Variables are values that are used in the installation as well. The value of each variable will be calculated at runtime and is dependent on the parameters. A database prefix would be a parameter, the actual database name (prefix + name) will be calculated and is therefore a variable)

Tasks

Steps that perform an action during the installation.

Modules

PowerShell modules that can be imported in the installation sessions. Could contain extensions to SIF

Settings

Optional properties to augment an install.

Whenever the command Install-SitecoreConfiguration is invoked, the script will first process all of the parameters. Once those are all validated it will parse the settings that are stored in the JSON configuration file.
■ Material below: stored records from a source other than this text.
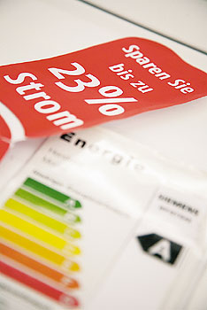 Das farbige EU-Energielabel ist für viele Verbraucher eine gute Orientierungshilfe. Es reicht vom grünen A (beste Energiebilanz) bis zum roten G (schlechteste Energiebilanz). Für Kühl- und Gefriergeräte existiert seit 2004 eine weitere Unterteilung der Energieklasse A in A+ und A++, denn die Technik hat sich weiterentwickelt und Geräte der Klasse A zählten irgendwann bei Weitem nicht mehr zu den effizientesten. „Nach Schulnoten ist ein normales A-Gerät nicht einmal befriedigend – die besten Geräte der Klasse A++ sind bis zu vierzig Prozent effizienter“, so Corinna Fischer vom Verbraucherzentrale Bundesverband (vzbv). Ab 1. Januar 2011 werden die Klassen A+ und A++ nach dem Willen der EU-Kommission wieder wegfallen und für besonders energieeffiziente Geräte stattdessen in zwei Stufen die neuen Bezeichnungen „A -10%“ bis „A -80%“ eingeführt. Sie zeigen an, um wie viel Prozent ein Gerät weniger Energie verbraucht als ein vergleichbares in der Energieeffizienzklasse A.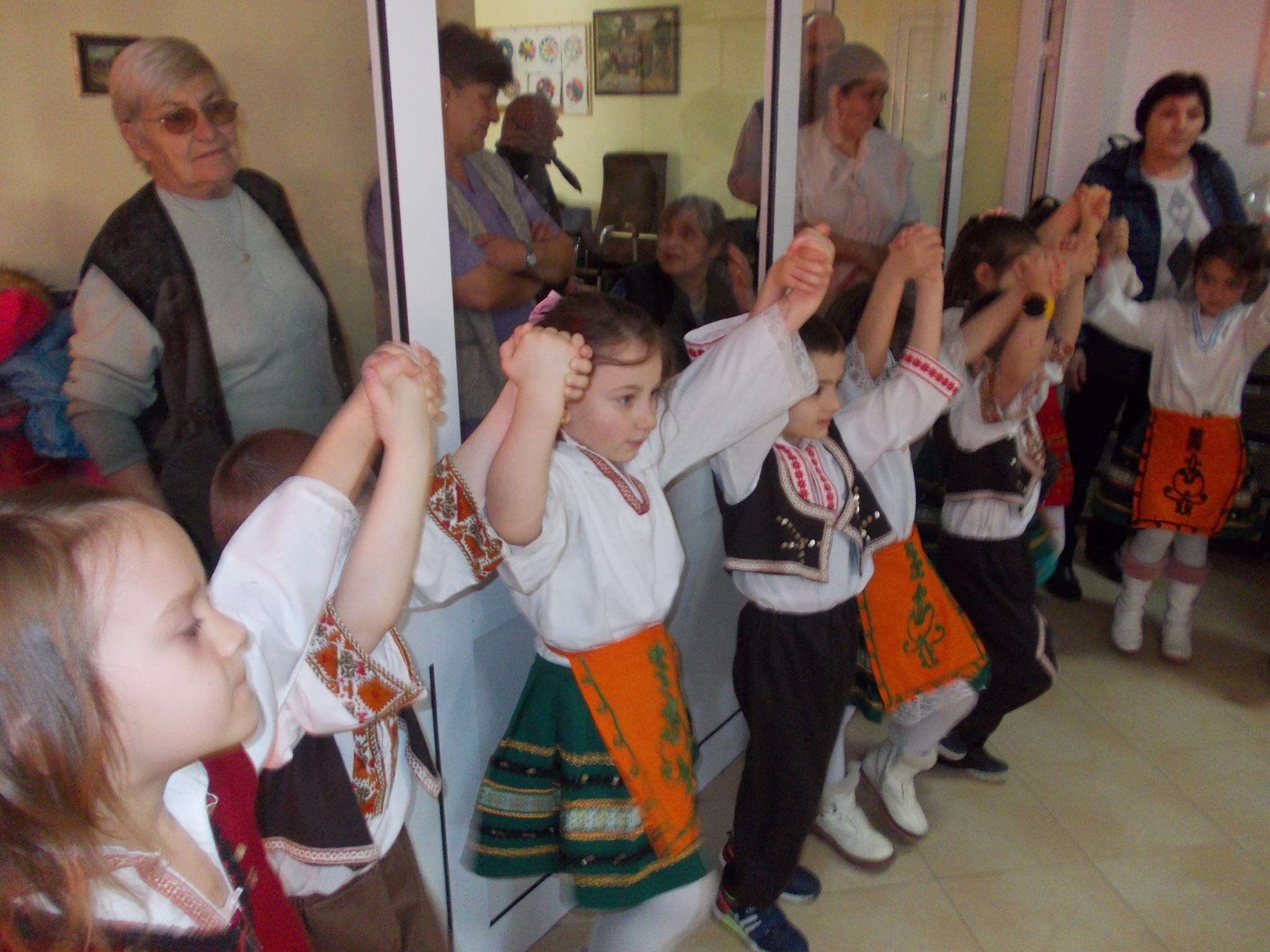 С пъстри танци, песни и благопожелания, децата зарадваха възрастните хора, които с много вълнение съпреживяха традициите за празника и споделиха наричанията за здраве и берекет.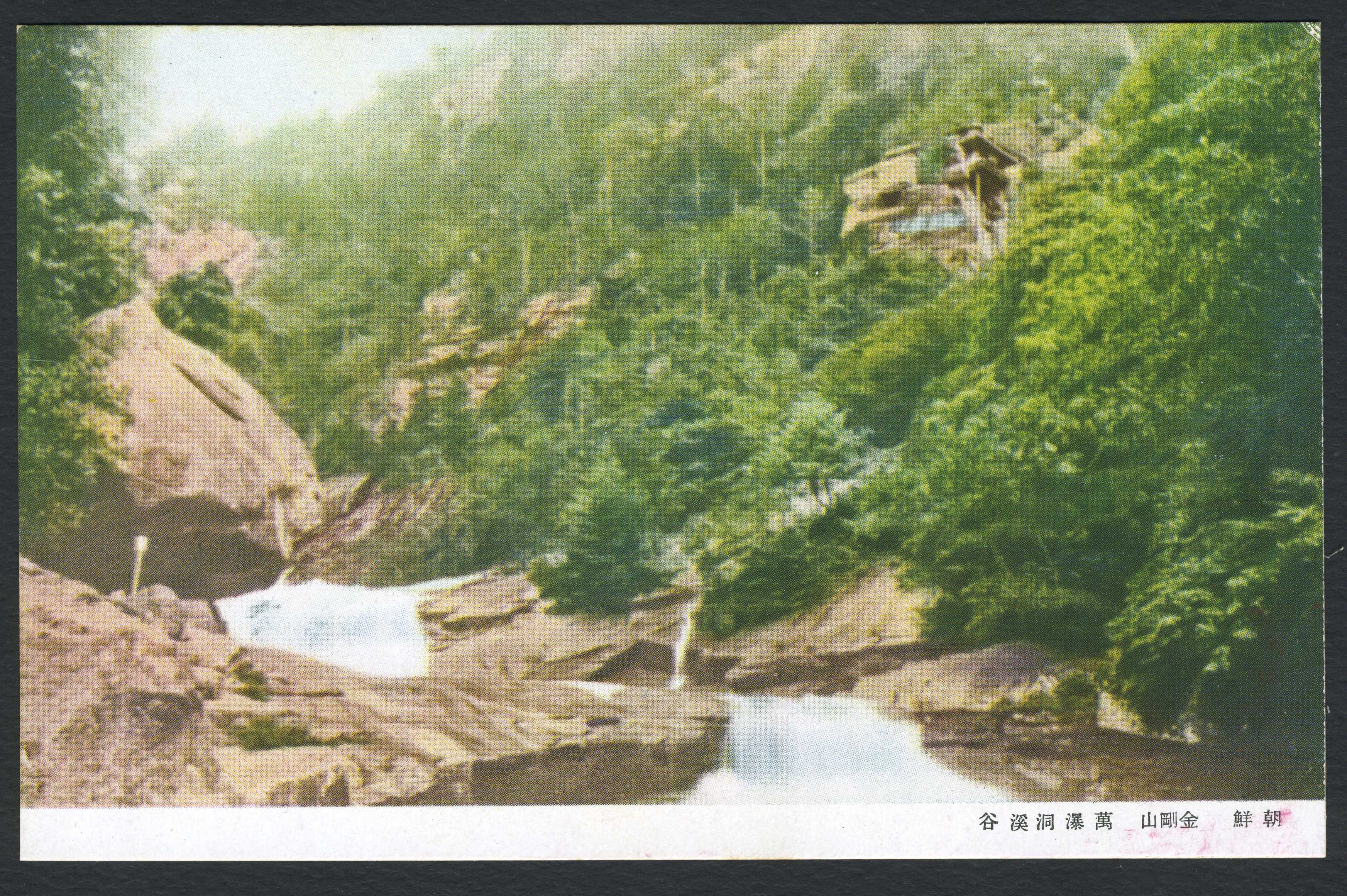 금강산 만폭동(萬瀑洞)계곡 그림이 인쇄된 엽서이다.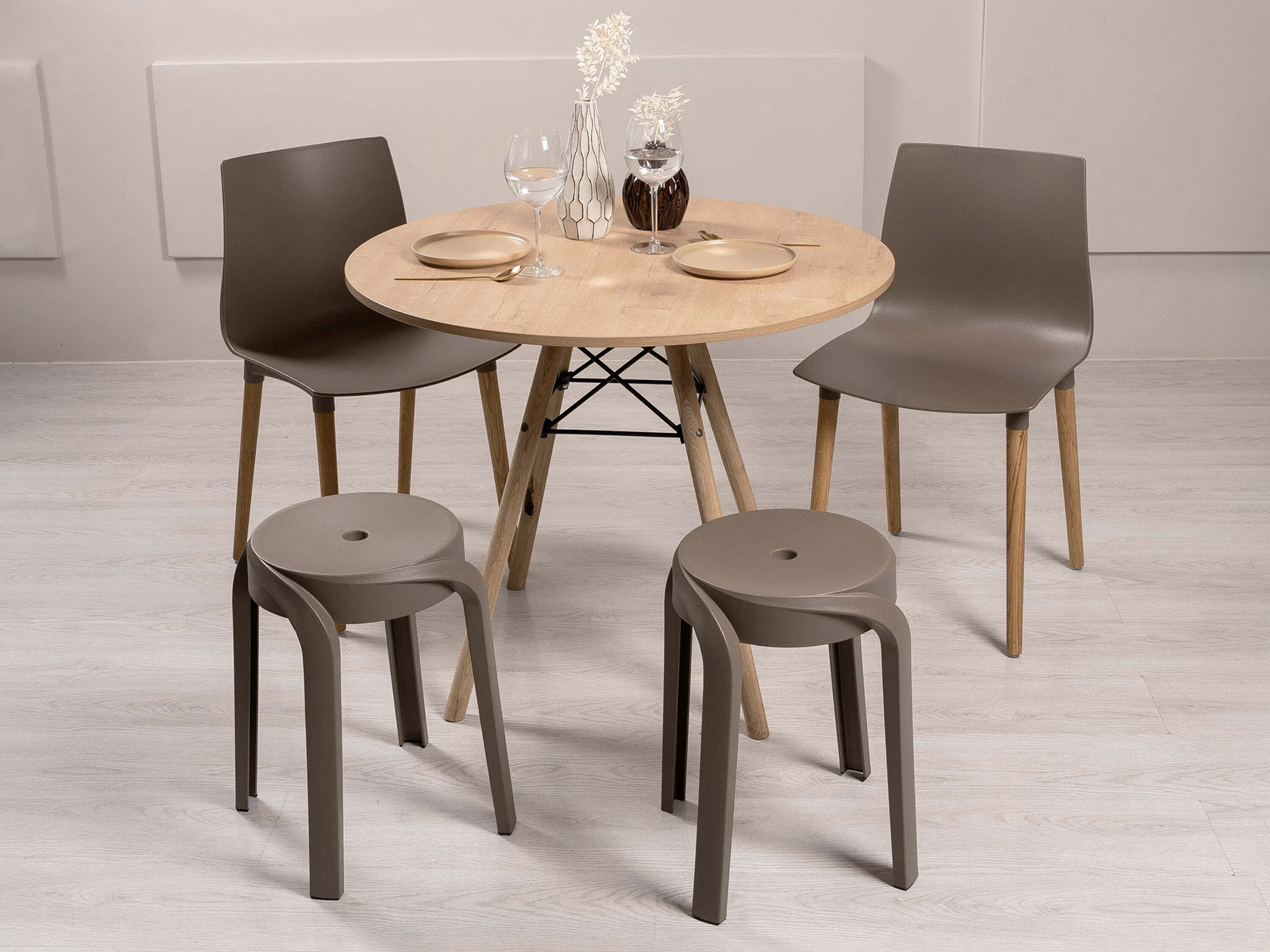 Табурет Эклер — практичный вариант для меблировки обеденной зоны в малогабаритном помещении. Модель легко перемещать и задвигать под стол для экономии пространства. Специальные заглушки на ножках позволяют обезопасить напольное покрытие.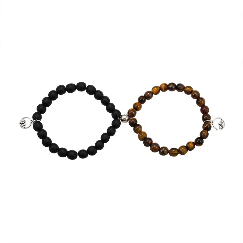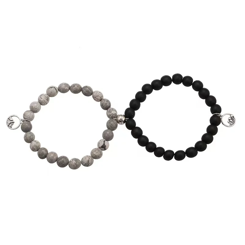 Beads Bracelet Mountain Sea Forever Love Relationship Natural Stone 8mm Magnet Clasp For Dear One Gift On Valentine's Day 2psc
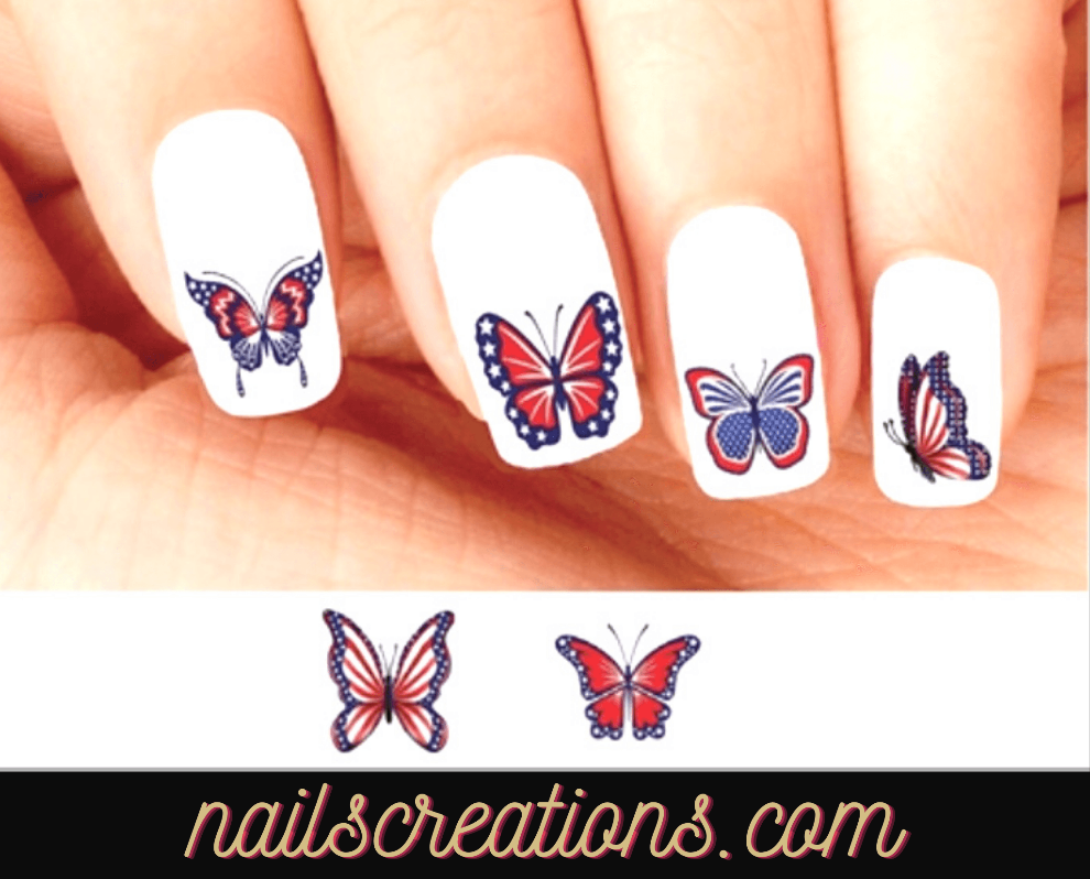 Nail Stickers 4th of July Butterflies Waterslide Nail Decals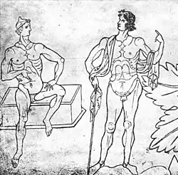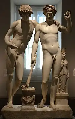 The first productions in sculpture were the work of Greek artists who settled in Rome, among them: Apollonius of Athens, author of the Belvedere Torso (50 BC); Cleomenes, author of the Venus de' Medici (1st century BC); and Pasiteles, author of the Boy with Thorn.[37] Stephanos, a disciple of Pasiteles, was the author of the Athlete of Albani (50 BC), a figure that had an enormous success, a fact that is corroborated because 18 copies have reached us, and that originated a variant with another figure, creating a group sometimes identified with Mercury and Vulcan, and others with Orestes and Pylades, of which a copy, called Group of San Ildefonso (10 BC), is preserved in the Prado, where the two figures are reminiscent of Polyclitus' Doriphorus and Praxiteles' Apollo Saurochthonus.[38] Other anonymous works stylistically related to Hellenistic Greek art are the Boxer at Rest from the Museo delle Terme in Rome (100–50 BC) and the Hellenistic Prince from the same museum (100–50 BC).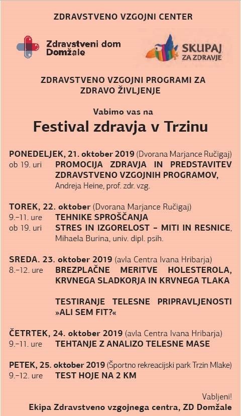 Festival zdravja v Trzinu od 21. 10. 2019 do 25. 10. 2019!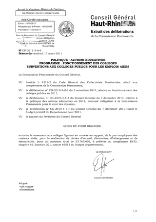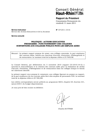 POLITIQUE : ACTIONS EDUCATIVES PROGRAMME : FONCTIONNEMENT DES COLLEGES SUBVENTIONS AUX COLLEGES PUBLICS POUR LES EMPLOIS AIDES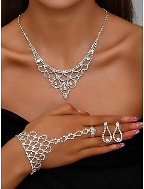 conjunto de joias de cristal para noivas femininas - colar, pulseira, anel e brincos elegantes de strass para casamentos, bailes de formatura e ocasiões formais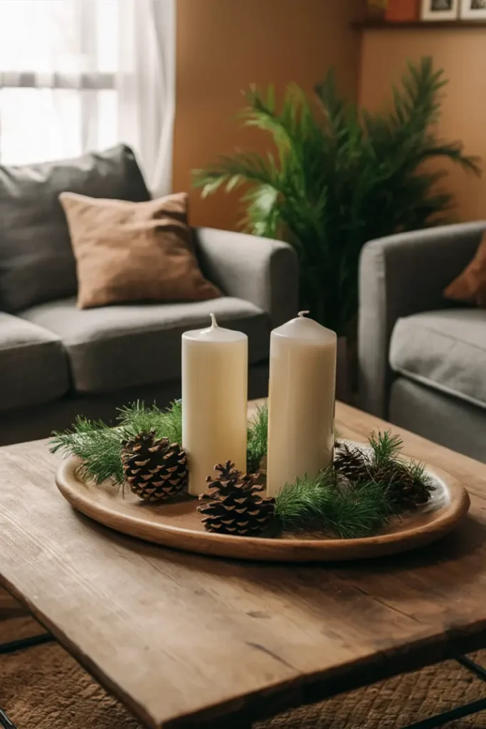 Style a wooden tray with pillar candles and pinecones, nestled on a linen runner. Add a small red berry sprig for a subtle holiday nod, evoking cozy farmhouse warmth.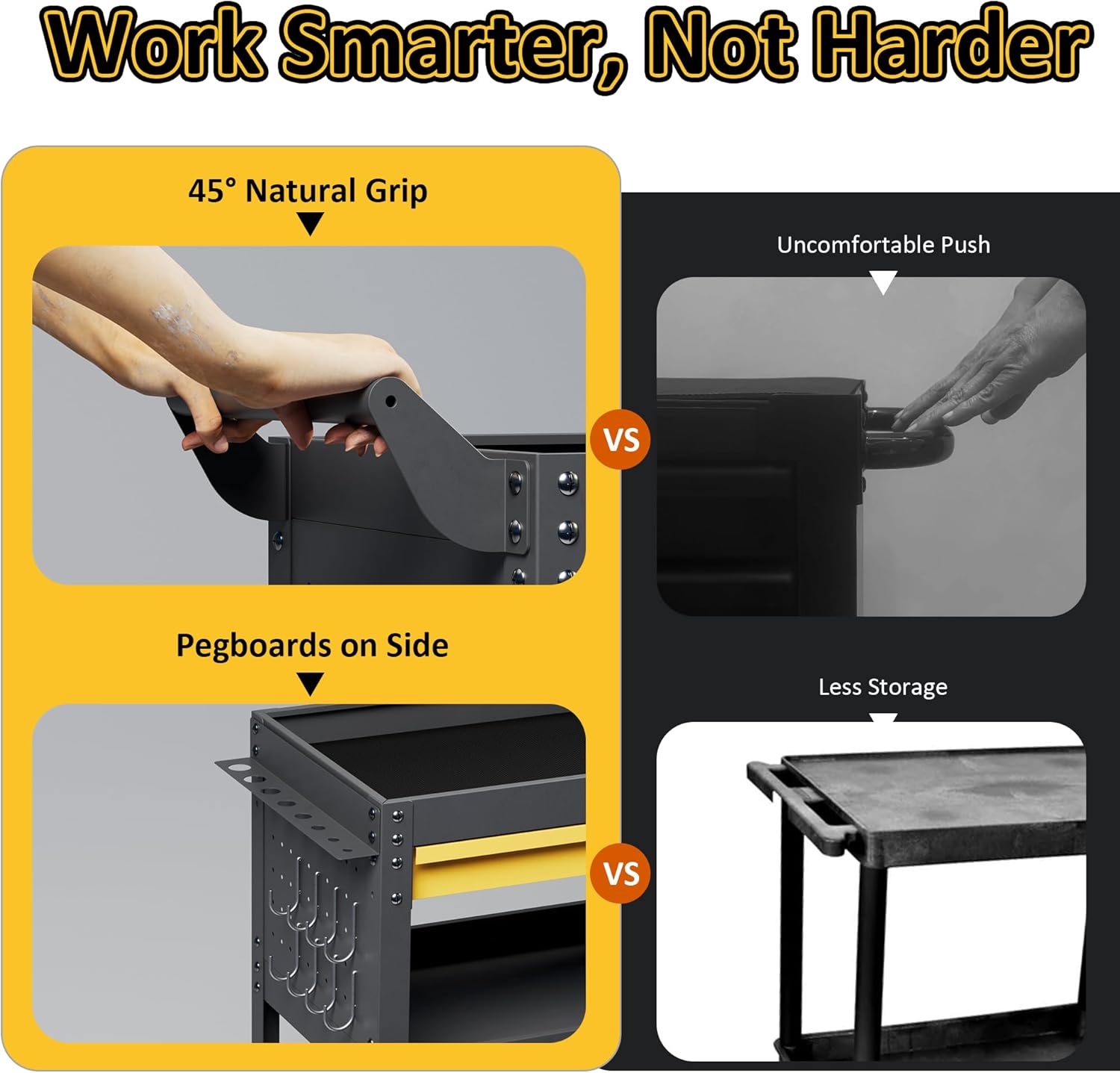 - EFFORTLESS USE: Equipped with two 360° universal casters and two fixed casters, our tool carts glide smoothly, effortlessly transporting heavy objects. The handle features a 45° oblique design, conforming to most people's usage habits and offering maximum comfort. Whether you're moving a power tool organizer cart or other equipment, the operation is a breeze.

Once the settings defined in the JSON configurations and those provided command-line are loaded, it will collect all the dynamic parameters that override parameters defined in the configuration.

Then the script starts to register all the added and required modules including SIF and the SitecoreFundamentals module.

Next SIF will map the parameters with the override value, and map all the variables so that the variables will use the value from the parameters defined.

Finally SIF will resolve the task list defined in the configuration. Once the tasks are all validated it will start running those tasks.

Simple Example

Now let’s see how this all ties together and setup an example configuration file:

{
  "Parameters": {
    "RootFolder": {
      "Type": "string",
      "Description": "The working folder for our example",
      "DefaultValue": "C:SIF-Example"
    },
    "FolderName": {
      "Type": "string",
      "Description": "The name of the folder to create",
      "DefaultValue": "MyNewFolder"
    }
  },
  "Variables": {
    "Base.Path": "joinpath(parameter('RootFolder'),parameter('FolderName'))"
  },
  "Tasks": {
    "CreatePaths": {
      "Type": "EnsurePath",
      "Params": {
        "Exists": "variable('Base.Path')"
      }
    }
  }
}

We are going to create a folder and subfolder using SIF. In our configuration file we setup two parameters. One for the root folder and one of the working folder inside our rootfolder.

Using variables we are going to join these two separate parameters and make one valid path. Finally we are defining a task that will create the folder, but only if the variable exists.

To run this configuration we create a small PowerShell script that uses this configuration and run it against the Install-SitecoreConfigurationCommand

#define parameters $PSScriptRoot = "C:\\Sitecore\\SIF Example"

#Example $example = @{ Path = "$PSScriptRoot\\example.json" }

Install-SitecoreConfiguration @example -Verbose \[/ps\]

Now start a new PowerShell console, go to the folder in which you stored the PowerShell file and run it using “.\example.ps1”. When the script has run you should have a new folder “SIF-Example”on your C drive and a folder called MyNewFolder inside of that.